Issues surrounding athletics footwear returned to the spotlight this month as two athletes wearing new models of Nike running spikes ran in world record times at an event in Valencia, Spain.

Uganda’s Joshua Cheptegei and Ethiopia’s Letsenbet Gidey broke the men’s 10,000 metre and women’s 5,000 metre world records respectively wearing Nike’s ZoomX Dragonfly shoes at a meeting in Valencia, Spain.

Meanwhile, men’s marathon world record holder and Nike poster-boy Eliud Kipchoge completed the London Marathon wearing Nike’s Alphafly NEXT% shoes – the first time he has worn a version of the controversial shoes in an official race. Despite being surprisingly beaten to victory by Shura Kitata, it was notable that Kitata was also wearing Nike shoes (albeit from the Vaporfly range).

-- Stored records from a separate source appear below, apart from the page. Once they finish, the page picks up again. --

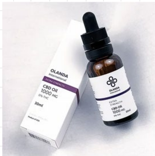
CBD強效止痛配方 Extra Strength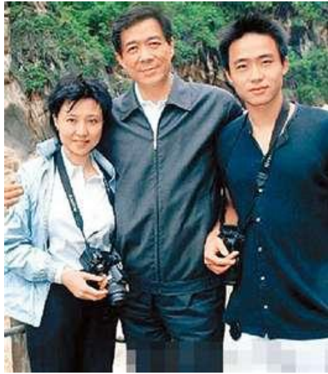
薄熙來與兩任妻子關係圖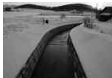
改修工事終了後の様子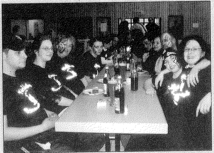
Auch die Kirchheimer Guggemusiker waren gekommen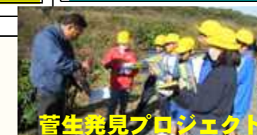
菅生発見プロジェクト

研究主題:他者と協働し、互いのよさを生かしながら、主体的に課題を解決しようとする児童の育成 —支持的風土の基盤となる「絆づくりプロジェクト」と地域の教育資源を積極的に活用した 探究的な学び「菅生発見プロジェクト」を通して—

The four fastest official times in men’s marathon history have been set by athletes wearing the shoes since Kipchoge set his world record of 2:01:39 in September 2018.

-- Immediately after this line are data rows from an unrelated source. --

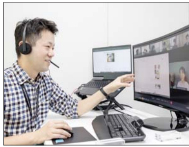
SSAFY 교육 모습

이번 입학식은 코로나19를 고려해 온라인과 오프라인으로 병행됐다. 입학생 50명과 삼성전자 경영지원실 박학규 사장을 비롯해 고용노동부 박화진 차관, 더불어민주당이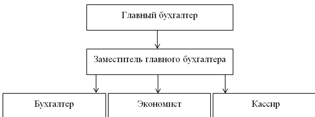
Рис. 2. Структура бухгалтерского аппарата СОГАУ ДПО «Учебный центр»

Кроме того, бухгалтерия предприятия должна обеспечивать обработку документов, рациональное ведение записей в учетных регистрах, своевременное представление руководству информации об обороте и валовом доходе, о состоянии товарных запасов и эффективности их использования, составление отчетности. Структура бухгалтерского аппарата СОГАУ ДПО «Учебный центр» представлена на рисунке 2.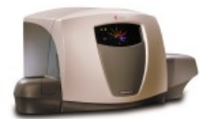
Серия Cytomics™ FC 500

Commentators are asking: is it still possible for runners wearing competitor brands to compete with Nike-sponsored athletes at the top level? Critics argue that Nike’s range of high-specification shoes – including the Dragonfly spikes for track races and Vaporfly and Alphafly ranges for road running – offer their athletes an unfair advantage. Among other features, the shoes’ soles include a spring-like carbon-fibre plating that assist with stabilising the shoe and directing momentum forwards during each stride.